A) Proposed mechanism of transcriptional regulation at the rs2107595 locus in the vessel wall. The major allele (left) is predicted to bind E2F transcription factors which are unresponsive to Notch signaling. The minor allele (right) creates a consensus RBPJ binding site which promotes TWIST1 gene transcription. B) The effect of TWIST1 protein on cardiovascular risk. In normal arteries, TWIST1 expression is low in fully differentiated smooth muscle cells of the tunica media (left). During early atherosclerosis (middle), there is increased TWIST1 expression in SMCs. This favors a de-differentiated SMC phenotype which increases SMC proliferation and increases coronary artery disease (right).
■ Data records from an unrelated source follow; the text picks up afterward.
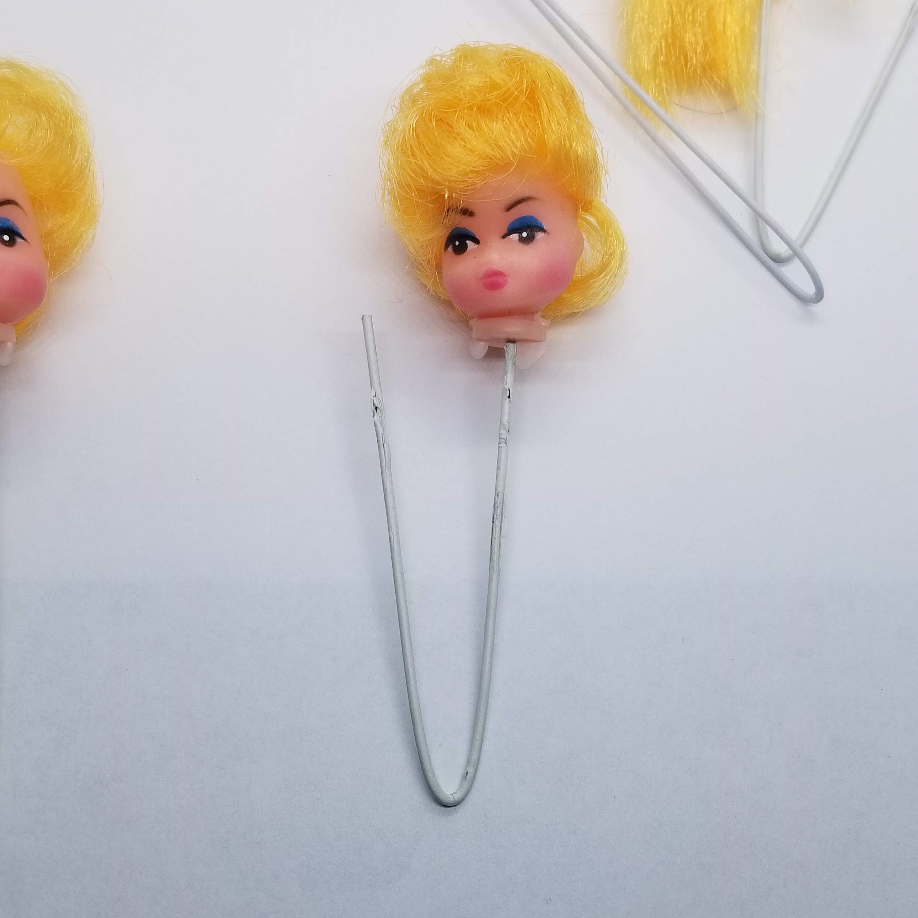 Miniature Blonde Doll Heads On A Wire Set Of Blondes Short Long Hair Cake Decorating
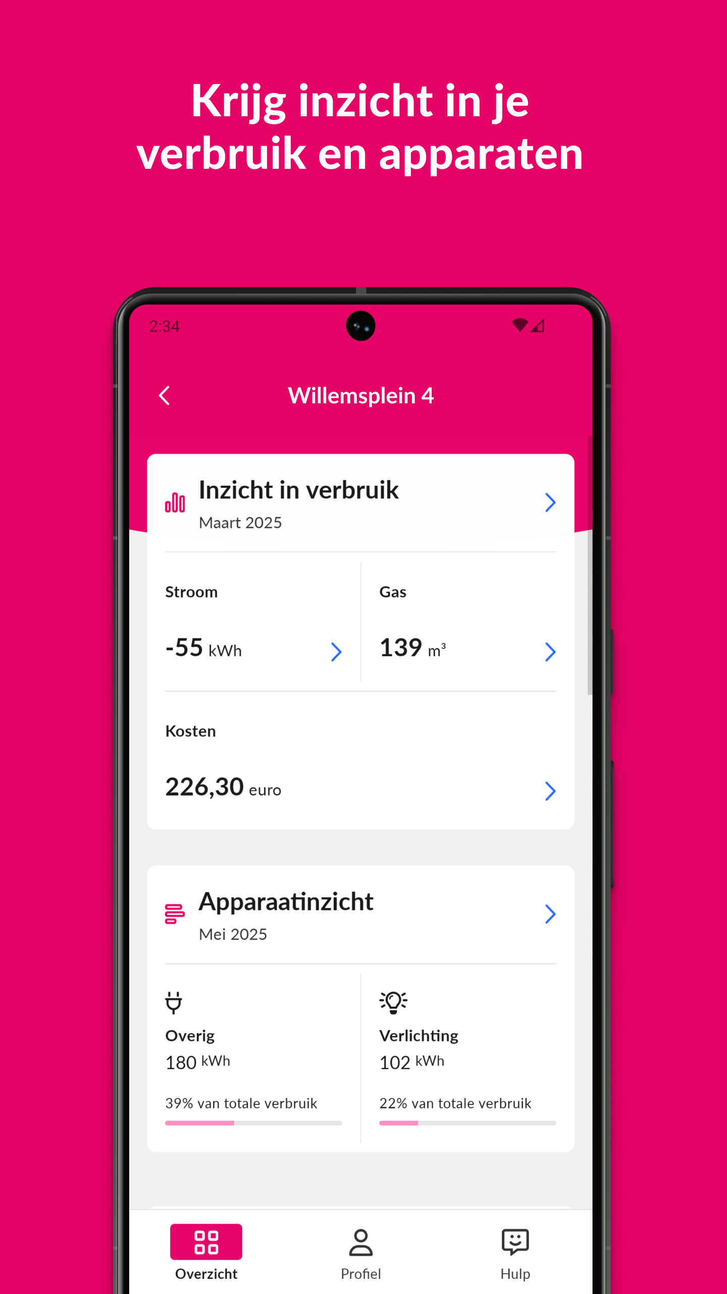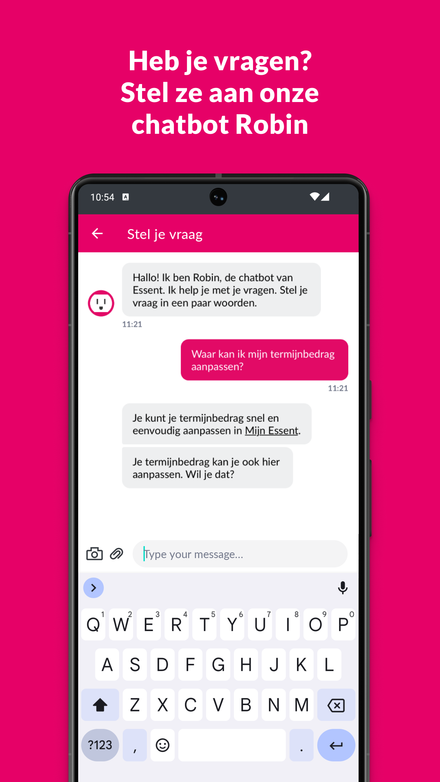You can arrange all your energy matters yourself in the Essent app. Check your usage and adjust your installment amount if necessary. This way you keep control of your costs. And do you have any questions? Ask them directly to our chatbot Robin. A quick overview of the functionalities: * Insight into your consumption You can see your consumption per day, per month and per year at a glance. You also see the costs of your consumption per month and per year. * Easy to arrange yourself You can easily adjust your personal information, such as password, email address and telephone number. And you can view your monthly invoices and annual accounts in the app.
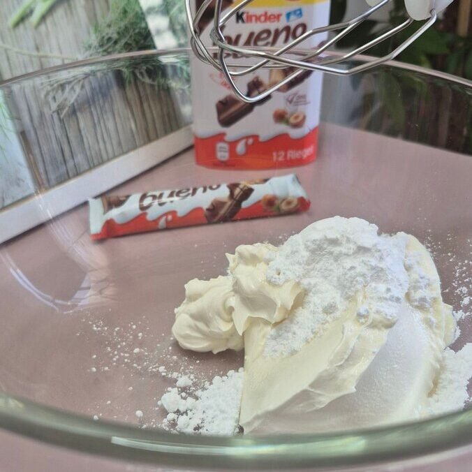 - Beat mascarpone with powdered sugar briefly until smooth. Add 250 ml heavy cream and whip until firm. Fold in chopped Kinder Bueno. Divide filling into two.
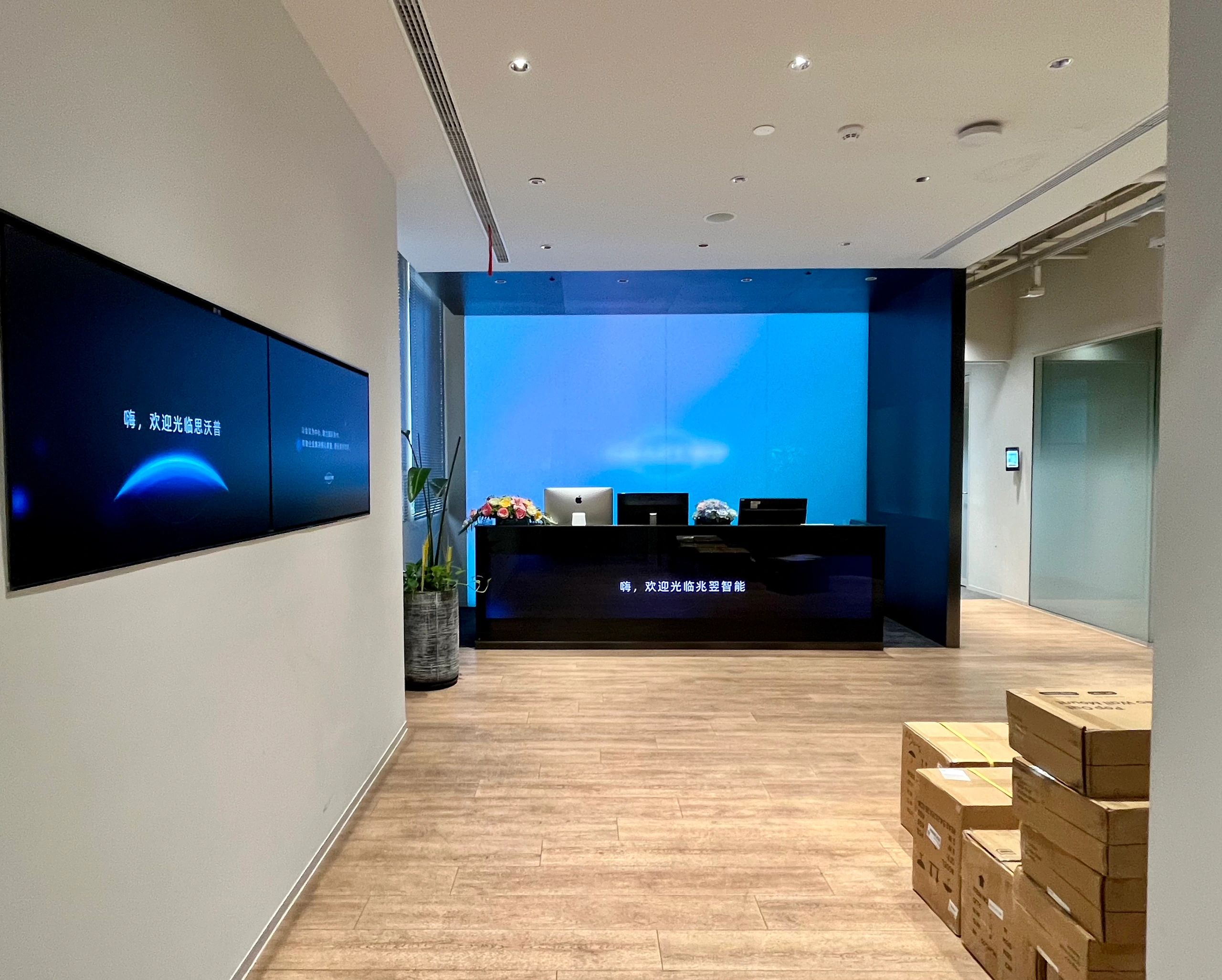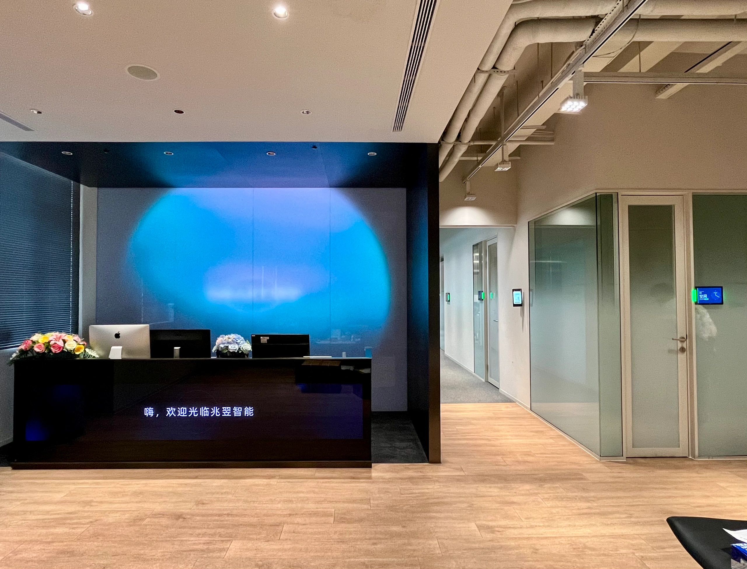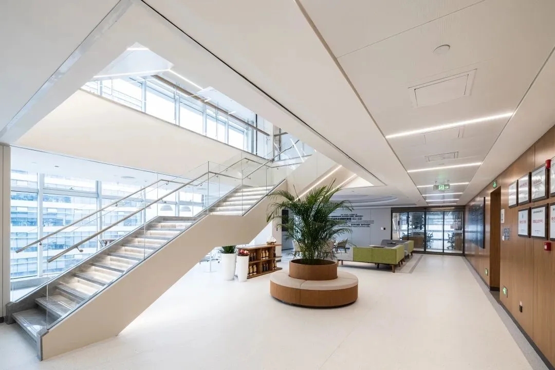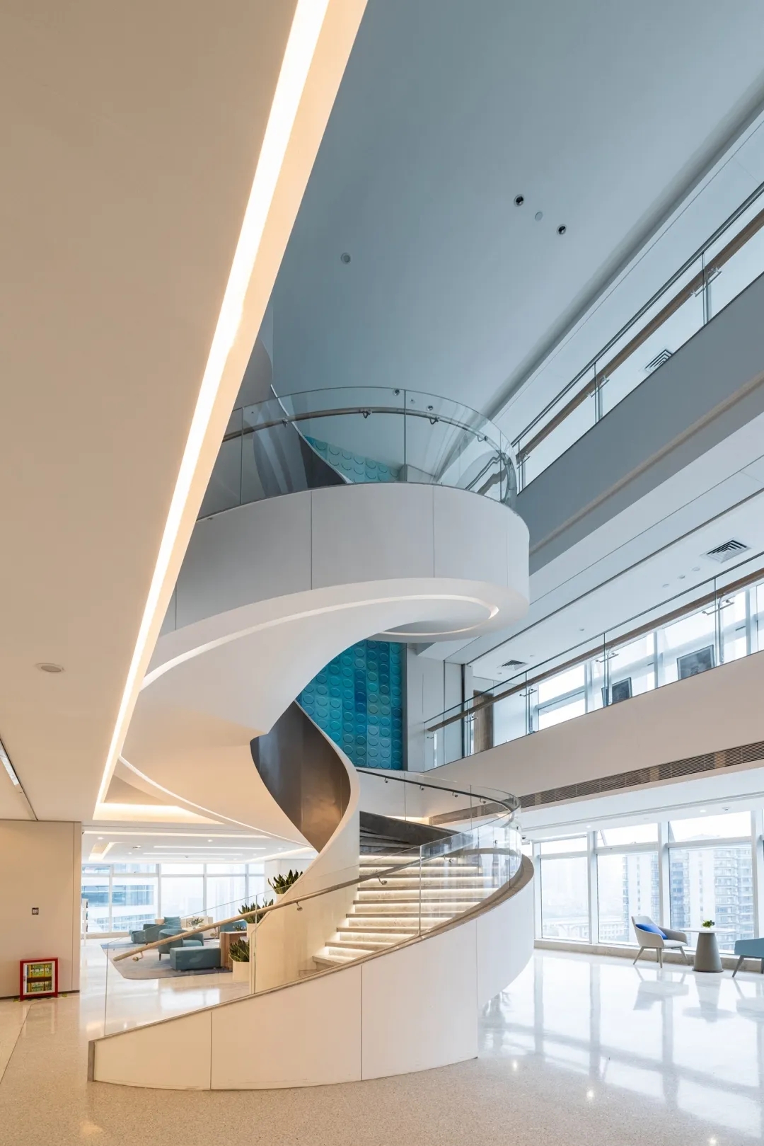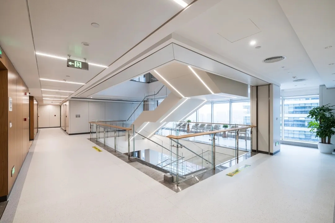 创新园区内一栋五层楼白色建筑内,作为照明公司的展厅与办公室,一楼的开放式庭园通过转角阶梯连接至二楼露台。
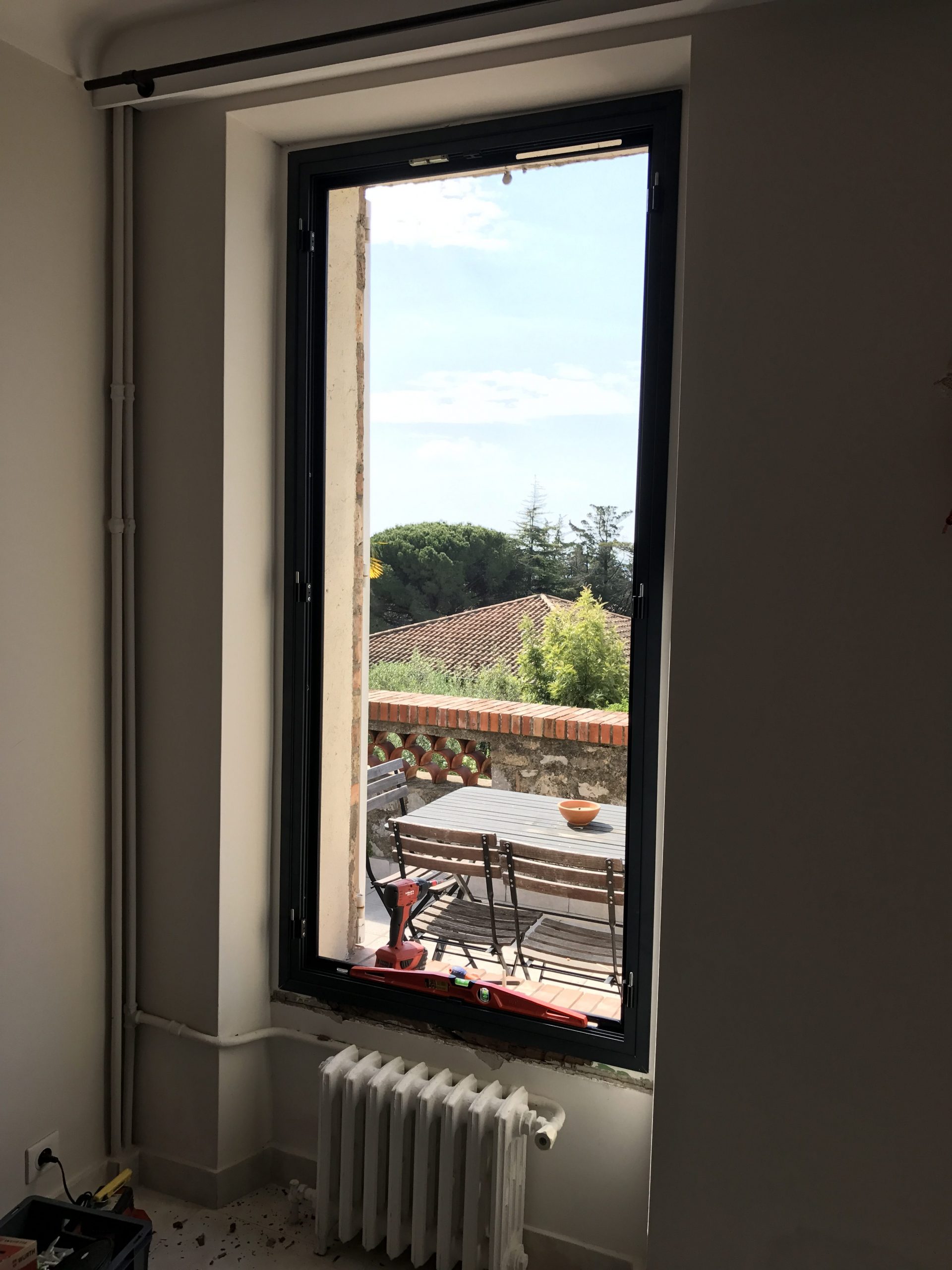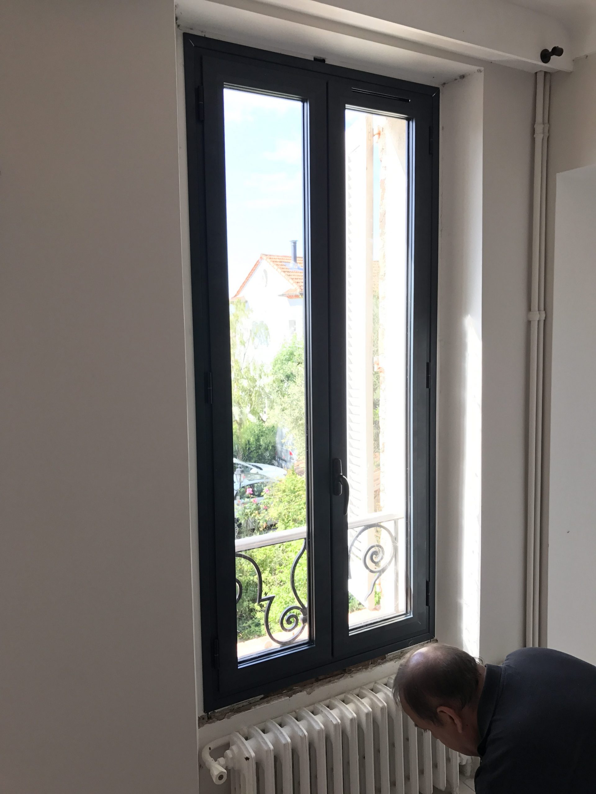 Nous vous présentons la pose en rénovation de menuiseries aluminium coloris 7016G. Double vitrage

Notch signaling directly targets the Twist1 gene via RBPJ binding at its promoter, leading to upregulation of Twist1 expression in mouse limb bud mesenchymal progenitor cells (MPCs) [36]. Notch-mediated Twist1 expression is necessary for repression of chondrogenic differentiation of MPCs. This described role for Twist1 in MPCs is in agreement with the expression profile of human TWIST1 in our in vitro differentiation model. TWIST1 expression is low in precursor cells and peaks at the neural crest progenitor stage. We see an upregulation of TWIST1 expression in SMCs in response to IL-1β, which is in agreement with the model of smooth muscle de-differentiation and phenotypic switching during atherosclerosis [40]. In the context of human disease, we locate TWIST1 protein in the adventitia of human coronary arteries and in the tunica media and neointima of more complex atheromas. This is suggestive of a re-activation or upregulation of TWIST1 in non-adventitial compartments and/or migration of TWIST1 expressing cells into the atheroma. Similar to studies in developing heart valves [55] and cranial mesoderm [56], TWIST1 may activate downstream genes involved in proliferation, migration and extracellular matrix composition in the developing neointima of atherosclerotic lesions. This would promote SMC phenotypes such as proliferation and drive SMCs away from a differentiated phenotype capable of calcification. In support of this hypothesis we show that Twist1 overexpression in rat aortic smooth muscle cells significantly increases cell proliferation and decreases calcification whereas Twist1 knockdown by siRNA decreases proliferation and increases calcification.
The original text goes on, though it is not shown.